Cause-and-Effect Inferences
One of the most powerful type of inferences that researchers can draw is cause-and-effect. This type of inference allows researchers to attribute any group differences to the treatment that was given to the treatment group. For example, in the memorization activity we did in class, a cause-and-effect inference would allow us to attribute the improvement in average score for the familiar chunking group to the familiar chunking. That is, the reason that there is improved scores (the effect) is because of the familiar chunking (the cause).
Cause-and-effect inferences are useful in a variety of disciplines. For example, medical researchers may be interested in showing that a drug helps improve people’s health (the cause of improvement is the drug), while educational researchers may be interested in showing a curricular innovation improves students’ learning (the curricular innovation causes improved learning). However, it is often difficult to draw cause-and-effect inferences. To attribute a causal relationship, there are three criteria a researcher needs to establish:
- Temporal Precedence: The cause needs to happen BEFORE the effect.
- Group Difference beyond experimental variation: There needs to be difference between the control and treatment group beyond experimental variation.
- No Plausible Alternative Explanations: ALL other possible explanations for the effect need to be ruled out.
Because of this third criteria, attributing a cause-and-effect relationship is very difficult. (You can read more about each of these criteria at the Web Center for Social Research Methods.)
Statistical Experiments: The Key to Cause-and-Effect Inference
Studies that employ a statistical experiment are the key to making cause-and-effect inferences.

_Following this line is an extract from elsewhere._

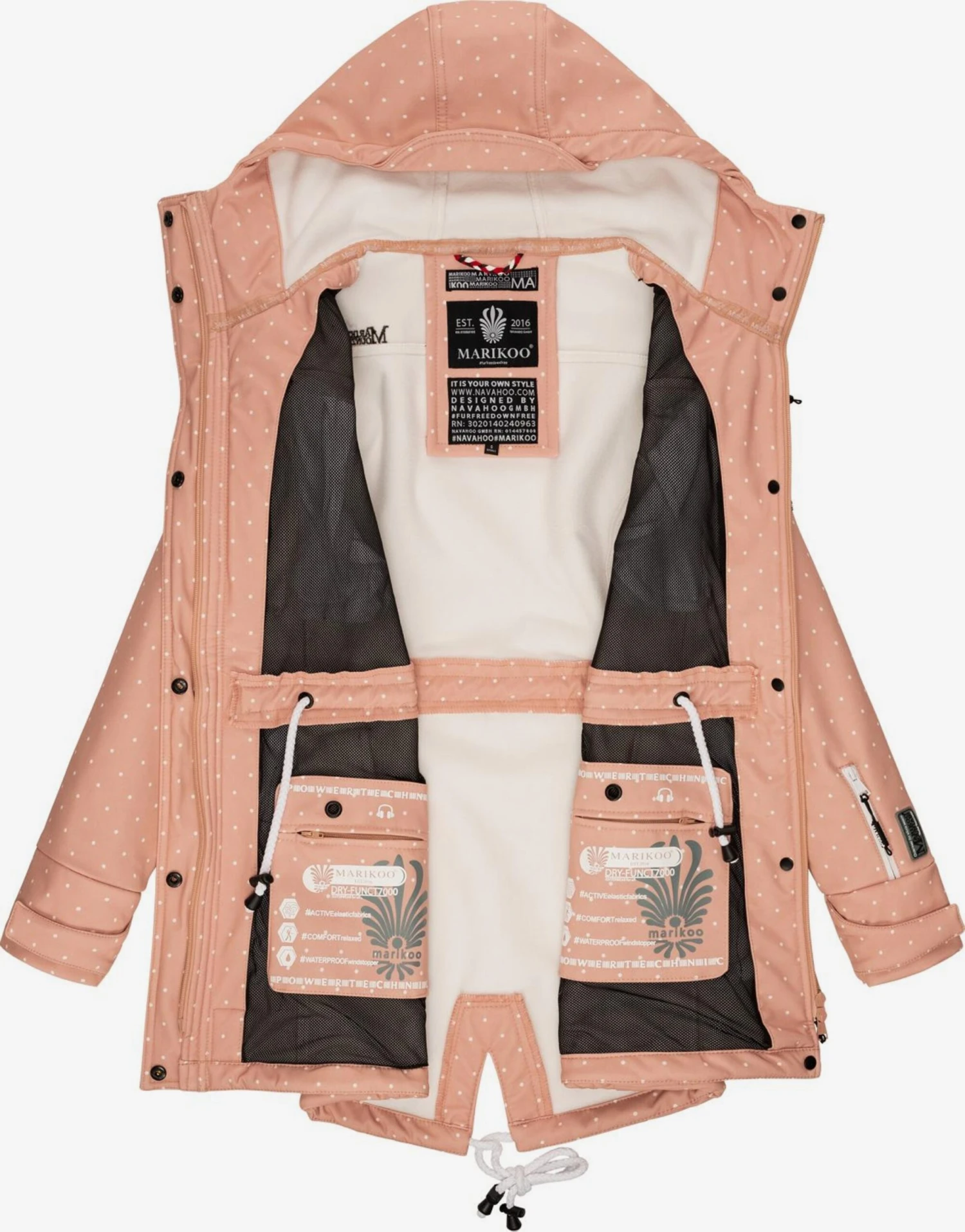 GestippeldSoftshellRegenjasRitssluitingCapuchon met trekkoordGeribd ceintuurtjeVerlengd rugpandMouwzakBorstzakBinnenzakOpzet-/flapzakKlittenbandsluitingFleece binnenvoeringTrekkoord in de boordLabel patch/label flagLabel borduurwerkOp staal nadenStevige stofLicht gevoerdRitssluiting

This is because to rule out ALL other possible explanations for the effect, the control group and the treatment group need to be “identical” with respect to every possible characteristic (aside from the treatment) that could explain differences. This way the only characteristic that will be different is that the treatment group gets the treatment and the control group doesn’t. If there are differences in the outcome, then it must be attributable to the treatment, because the other possible explanations are ruled out.
So, in order to make causal inferences, we need to make the control and treatment groups “identical” when we create them. One thing that makes this task (slightly) easier is that they don’t have to be exactly identical, only probabilistically equivalent. This means, for example, that if you were matching groups on age that you don’t need the two groups to have identical age distributions; they would only need to have roughly the same AVERAGE age. Here roughly means “the average ages should be the same within what we expect because of sampling error.”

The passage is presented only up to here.